Es la imagen esperanzadora de la vida en Dios.

Jn 5, 1-3. 5-16

El milagro que hoy escuchamos es un signo que nos comunica muchas cosas.

Ante la pobreza del paralítico: «Señor no tengo a nadie…», la misericordia presurosa de Cristo que se acerca a él; ante la impotencia del enfermo, la fuerza dinamizadora del Señor.  «Levántate… anda».

El nombre de la piscina, Betesdá, significa «Casa de la  misericordia».

Donde sólo había misericordia salvífica, para los judíos no hay sino ruptura de la Ley: Jesús curando y el antiguo paralítico cargando la camilla.

¿Nuestra mano se parece a la de Cristo?, ¿es para levantar, sostener, consolar?, o ¿se parece a la de los judíos del evangelio de hoy, mano para señalar pecado, para acusar, para castigar?

Nuestra reunión eucarística tiene que ser una auténtica Betesdá: Casa de la misericordia; la misericordia infinita de Dios que se encuentra con nuestra miseria; nuestra misericordia, eco de la de Dios ante las miserias del prójimo.

Lunes de la IV Semana de Cuaresma

Is 65, 17-21

El tema escatológico de la nueva creación: «Voy a crear un cielo nuevo y una tierra nueva» ha motivado siempre la esperanzada labor de todos los que han luchado por la vida cristiana.  El profeta lo ha anunciado.  Pedro trabajaba con ese aliento: «esperamos, según nos lo tiene prometido, nuevos cielos y nueva tierra, en la que habite la justicia» y el vidente Juan lo miraba realizado: «Luego vi un cielo nuevo y una tierra nueva… vi la ciudad santa, la nueva Jerusalén…».

El profeta hablaba a un pueblo que apenas acababa de regresar del destierro, de los años de amargura.  Por esto, las perspectivas de alegría y gozo, de Jerusalén renovada, de ya no más muertes prematuras, de lugar permanente, de morada de abundancia, tiene una fuerza y un relieve muy especiales.

Apliquemos estas perspectivas esperanzadoras del profeta a nuestra situación cuaresmal.  Es una llamada más de Dios a nuestra conversión radical.

Jn 4, 43-54

A partir de hoy y hasta el martes santo, nuestro guía evangélico será san Juan.

Cada uno de los milagros narrados por Juan  son llamados por él «signos»,  es decir, no debemos de mirar sólo lo maravilloso del acontecimiento para admirarlo, sino que debemos ver qué nos señala, a qué nos lleva, qué realidad nos descubre.

Junto con los ejemplos de Nicodemo y de la mujer samaritana, el que hoy escuchamos es un ejemplo que tipifica al que va en busca de la fe.  El primero, un hombre religioso, serio, aunque algo atemorizado; la segunda, una mujer de un pueblo no estimado por los judíos; el tercero, un pagano.

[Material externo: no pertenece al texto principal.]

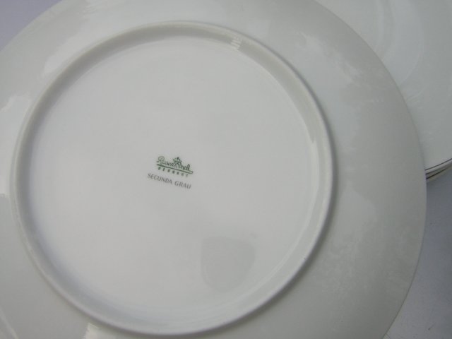 Zestaw czterech Talerzy obiadowych / średnica 25 cm/ sygnowanych ROSENTHAL SECUNDA GRAU. Szlachetna, mocna, dźwięczna porcelana. Uroda minimalizmu - biel szkliwionej na błyszcząco porcelany i subtelny satynowy szary paseczek dookoła. Ponadczasowa uroda i klasa. Pasuje do klasycznego wnętrza, ale też w nowoczesnym urodą swą autentyczności i klasy doda.
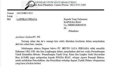 Teks poto : laporan yang telah dilayangkan ke Polda Riau pada tanggal 17 Januari 2022 silam dengan nomor surat 16/LSM/I/22 yang ditujukan ke Polda Riau.
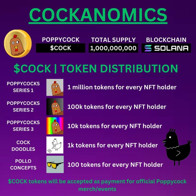 Meme coins are poppycock! π Poppycock ($COCK) is the official meme coin of the Poppycocks NFT project. A percentage of the tokens will be distributed to Poppycocks NFT holders based on how many NFTs they hold and which collections they have. π Poppycock meme coin holders can use the tokens to pay for entry to exclusive monthly events hosted by the Poppycocks NFT project and pay for our merchandise at our pop up shops. πͺ Launching January 1st π Cluck around and find out. submitted by /u/officialjustinochoa |
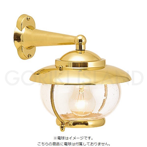 お好きな電球を選んで取り付けられる!電球付属なしタイプ。電球をご自身で選びたいお客様のご要望にお応えし、電球付属なしタイプの照明をご用意しました。お部屋の雰囲気やご使用の用途に応じた電球をカスタマイズできます。こちらの商品をご購入後に電球を別途ご購入ください。フィッシャーマンズスタイルのエクステリアライト。コンパクトなサイズのカサとガラスの保護ゴーグルが重厚さと洗練された美しさが魅力。本体を真鍮のダイカストという贅沢な方法で鋳造し、彫りの深い表情をしています。屋外だけでなく、玄関回り室内等の空間にオススメ。
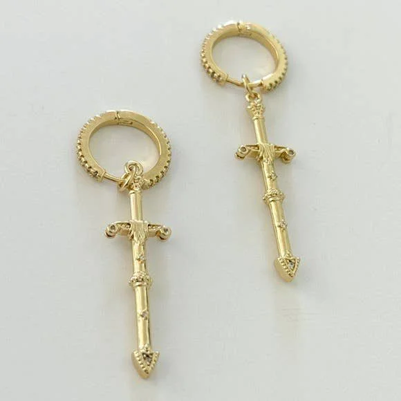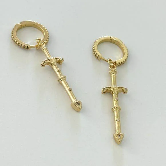 All Items › Dagger Hoops Image 1 of 3 Image 2 of 3 Image 3 of 3 Dagger Hoops $65.00 sold out 14K Gold filled embedded with clear Cz stones featuring gold filled dagger charmsHoops measure 15mmTramps+Thieves DesignMade in Los Angeles Get notified by email when this product is in stock. Sold Out Added! 14K Gold filled embedded with clear Cz stones featuring gold filled dagger charmsHoops measure 15mmTramps+Thieves DesignMade in Los Angeles

El evangelio usó una expresión: «creyó con todos los de su casa»,  como se dice de las conversiones de paganos en los Hechos de los apóstoles.

Hemos recibido la palabra del Señor.  El Señor es la misma Palabra personal del Padre; creamos en Él con fe, no sólo de pensamiento ni sólo de palabra, sino en la verdad de los hechos.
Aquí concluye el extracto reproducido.